Twitter racism crackdown by police

It’s a crime with a new name: "Twacism". Twitter’s usefulness as a source of broadcasting instant reactions and opinions has brought with it the potential for abuse. Several recent cases have seen the police quick to pursue and prosecute those who use the social media platform for propagating offensive opinion.

Football has been the focus for the new Twitter controversies. A Newcastle University law student Joshua Cryer, 21, admitted trying to get a reaction from pundit Stan Collymore by assailing him with offensive tweets. The reaction was unexpected. Collymore reported the matter to the police and Cryer was charged under section 127 of the Communications Act, which covers sending grossly offensive messages. Cryer was sentenced to 240 hours of community service.

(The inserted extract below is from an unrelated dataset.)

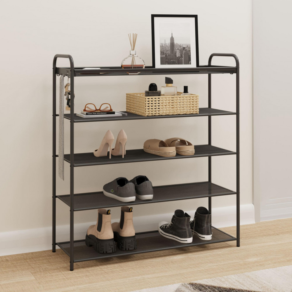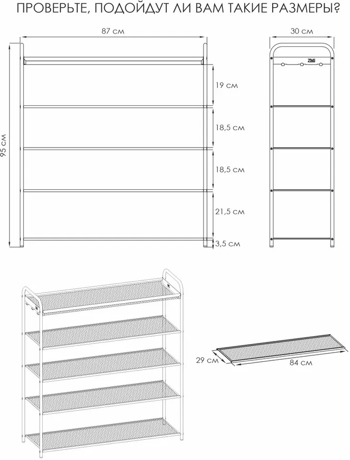 Верона 35 — это стильная и функциональная подставка для обуви, которая станет отличным дополнением вашего интерьера. Она выполнена из высококачественных материалов и обладает прочным каркасом, способным выдерживать нагрузку до 8 кг на каждую полку. Полки представляют собой сварные изделия с основой из просечно-вытяжной сетки. Все изделие окрашено порошковой краской единого цвета. Верона 35 имеет удобные и вместительные полки, на которых можно разместить до 16 пар обуви. Полочки изготовлены из металлической сетки, благодаря чему обувь будет проветриваться и быстро сохнуть. Подставка оснащена верхней корзиной с крючками, где можно хранить зонты, ключи и другие аксессуары. А на боковых стенках предусмотрены специальные крючки для обувной ложки, зонта и ключей. Верона 35 представлена в трёх цветах: чёрном, белом и графитовом, что позволяет выбрать модель, которая идеально впишется в ваш интерьер. Подставка поставляется в прочной картонной упаковке в разобранном виде, в комплекте идут все необходимые детали для сборки.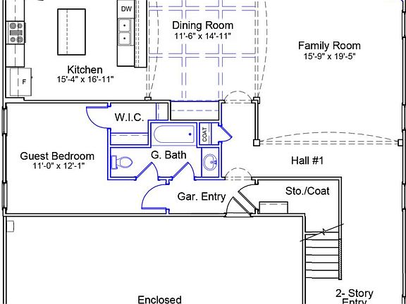 This Warwick plan is a two-story home with five bedrooms and three full baths. It features a grand two-story entrance, formal dining room, guest suite downstairs and an added sunroom. The kitchen with bar top seating, island, and prep space is open to the dining room and specious great room. The upstairs primary bedroom includes a private bath and dual closets. Three secondary bedrooms, all with walk-in closets, are also located upstairs along with the specious loft and laundry room.

More shocking still was the case of another student, the 21 year-old Liam Stacey, who pleaded guilty to making racially aggravated comments. His offensive remarks concerned Fabrice Muamba, the Bolton player who suffered a cardiac arrest on the field of play, and came close to death.

Stacey was jailed for 56 days, and the district judge, John Charles told him, "It was racist abuse via a social networking site instigated as a result of a vile and abhorrent comment about a young footballer who was fighting for his life."

It demonstrates that police and courts are willing to act over abuse on social networking sites. Twitter insists that its platform is neutral and unmoderated, but the Department of Culture, Media and Sport pointed out that "The fundamental principle for internet-hosted material is that what is illegal offline is also illegal online."